# Logitech G19 oder G510 oder ne g15 refresh??



## Lolm@n (16. Oktober 2010)

Meine frage ist welche der beiden erwähnten Tastaturen soll ich mir kaufen da meine alte kaputt ging und ich jetzt mit einer DELL OEM Tastatur schreiben muss welche man einen gefühlten meter hineindrücken muss um ein buchstabe zu erhalten 

oder kommt bald auch eine neuauflage der g19 wie bei der g15 die g510?



MfG


----------



## Per4mance (16. Oktober 2010)

*AW: Logitech G19 oder G510??*

ich hab die g19 seit nen paar wochen und die is ganz nett.

die g510 kam nicht in frage weil mir eig die 2 g tastenreihen schon zuviel sind und die g510 sogar drei hat. brauch die fast nie die tastatur is etwas schmaler und ich wollte die haupsächlich wegen display und tastenbeleuchtung.

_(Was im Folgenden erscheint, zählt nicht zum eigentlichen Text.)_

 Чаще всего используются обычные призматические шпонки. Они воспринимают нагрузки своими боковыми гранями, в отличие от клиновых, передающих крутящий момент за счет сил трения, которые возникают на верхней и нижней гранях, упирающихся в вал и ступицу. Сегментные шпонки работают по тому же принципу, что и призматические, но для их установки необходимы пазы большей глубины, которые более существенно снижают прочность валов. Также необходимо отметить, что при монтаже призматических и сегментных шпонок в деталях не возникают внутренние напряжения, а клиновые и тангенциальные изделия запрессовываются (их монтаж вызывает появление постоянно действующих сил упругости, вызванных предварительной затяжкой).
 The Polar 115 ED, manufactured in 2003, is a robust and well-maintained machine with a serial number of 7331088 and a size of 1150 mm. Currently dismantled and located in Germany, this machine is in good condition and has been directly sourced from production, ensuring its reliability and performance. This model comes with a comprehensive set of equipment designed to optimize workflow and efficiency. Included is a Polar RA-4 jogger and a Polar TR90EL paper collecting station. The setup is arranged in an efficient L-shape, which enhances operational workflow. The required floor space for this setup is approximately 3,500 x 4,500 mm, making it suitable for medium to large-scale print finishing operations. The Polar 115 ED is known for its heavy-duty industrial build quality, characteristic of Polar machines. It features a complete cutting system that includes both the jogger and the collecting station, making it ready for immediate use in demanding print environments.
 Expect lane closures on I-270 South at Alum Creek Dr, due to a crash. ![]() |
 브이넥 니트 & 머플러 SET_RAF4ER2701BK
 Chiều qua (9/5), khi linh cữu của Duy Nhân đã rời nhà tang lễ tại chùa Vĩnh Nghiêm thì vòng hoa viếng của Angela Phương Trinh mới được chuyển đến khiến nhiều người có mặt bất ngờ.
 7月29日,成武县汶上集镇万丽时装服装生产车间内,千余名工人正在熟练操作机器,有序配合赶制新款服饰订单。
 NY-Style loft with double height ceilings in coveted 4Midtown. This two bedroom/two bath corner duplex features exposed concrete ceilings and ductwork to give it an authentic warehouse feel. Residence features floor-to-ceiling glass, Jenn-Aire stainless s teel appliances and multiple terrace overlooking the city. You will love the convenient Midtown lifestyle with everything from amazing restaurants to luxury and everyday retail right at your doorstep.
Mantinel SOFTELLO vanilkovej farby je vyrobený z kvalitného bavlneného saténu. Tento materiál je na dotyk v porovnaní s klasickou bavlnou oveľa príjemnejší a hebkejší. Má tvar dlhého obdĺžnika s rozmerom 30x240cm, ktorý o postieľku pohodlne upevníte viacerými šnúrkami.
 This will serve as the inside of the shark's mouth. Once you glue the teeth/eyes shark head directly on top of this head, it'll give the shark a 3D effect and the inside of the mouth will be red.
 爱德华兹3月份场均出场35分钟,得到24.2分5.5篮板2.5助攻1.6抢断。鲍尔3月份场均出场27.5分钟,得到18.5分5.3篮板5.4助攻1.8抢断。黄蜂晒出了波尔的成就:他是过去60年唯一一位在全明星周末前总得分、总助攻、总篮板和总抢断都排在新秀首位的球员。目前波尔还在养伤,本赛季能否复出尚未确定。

ob ne neuauflage kommt kann ich nicht sagen aber viel neu aufzulegen kann man eig garnicht finde ich


----------



## Lolm@n (16. Oktober 2010)

*AW: Logitech G19 oder G510??*

jaa da muss ich dir zu stimmen eine G tasten reihe würde mir schon reichen denn gewisse kombinationen abspeichern ist schon cool aber soviel braucht doch wirklich niemand und dann hat sie ja die 3-fache belegung auch noch >.<

Tendiere auch eher zur g19 aber der Preis  der ist schon happig für eine Tastatur ^^ (bei uns in ch sind es ca 40€ unterschied) 

MfG


----------



## Own3r (16. Oktober 2010)

*AW: Logitech G19 oder G510??*

Ich habe mal im Laden auf der G510 rumgetippt und kann von der nur abraten. Die G19 hat einen viel besseren Anschlag! Der Preis ist natürlich hoch, aber er lohnt sich


----------



## fac3l3ss (16. Oktober 2010)

*AW: Logitech G19 oder G510??*

Ich hab die G19 auch 
Kann sie nur empfehlen.
Das beste ist aber die Farbwahl
Das ist manchmal echt nice wenn man eine andere Farbe will oder nur zum Angeben

MfG
fac3l3ss


----------



## ile (16. Oktober 2010)

*AW: Logitech G19 oder G510??*

G19, ganz klar: Schon das große Farb-LCD lässt die G510 alt aussehen, außerdem kannst du die Farbe der Beleuchtung selbst wählen, Treiber sind eh die gleichen, die sind beide (logitechtypisch) nicht so berauschend.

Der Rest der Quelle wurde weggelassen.